## ACTIVITY
Please, in the data that follows, copy exactly the lines from the line with "Rak Ambalan Dinding" through the last one, both included. Do not include pictures.
───── COLLECTED DATA
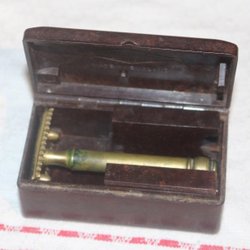 ÄLDRE RAKHYVEL GILETTE MED ASK AV BAKELIT
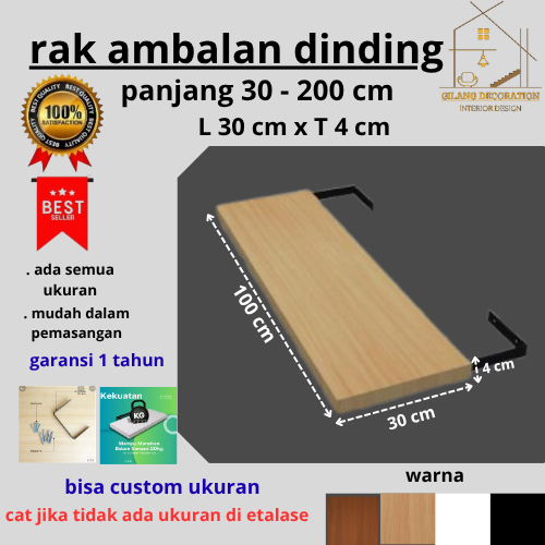 Rak Ambalan Dinding Extra Besar P 30 Cm - 200 Cm L 30 Cm Tebal 4 Cm
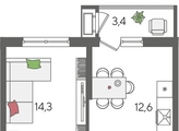 В продаже 1-комнатная квартира от застройщика! ЖК «Рекорд» 2 очередь, г. Краснодар, Литер 1 Срок сдачи: 4 кв. 2026, общей площадью 41.4 кв.м., на 20 этаже.
──────────
## RESPONSE AREA
 Rak Ambalan Dinding Extra Besar P 30 Cm - 200 Cm L 30 Cm Tebal 4 Cm
 В продаже 1-комнатная квартира от застройщика! ЖК «Рекорд» 2 очередь, г. Краснодар, Литер 1 Срок сдачи: 4 кв. 2026, общей площадью 41.4 кв.м., на 20 этаже.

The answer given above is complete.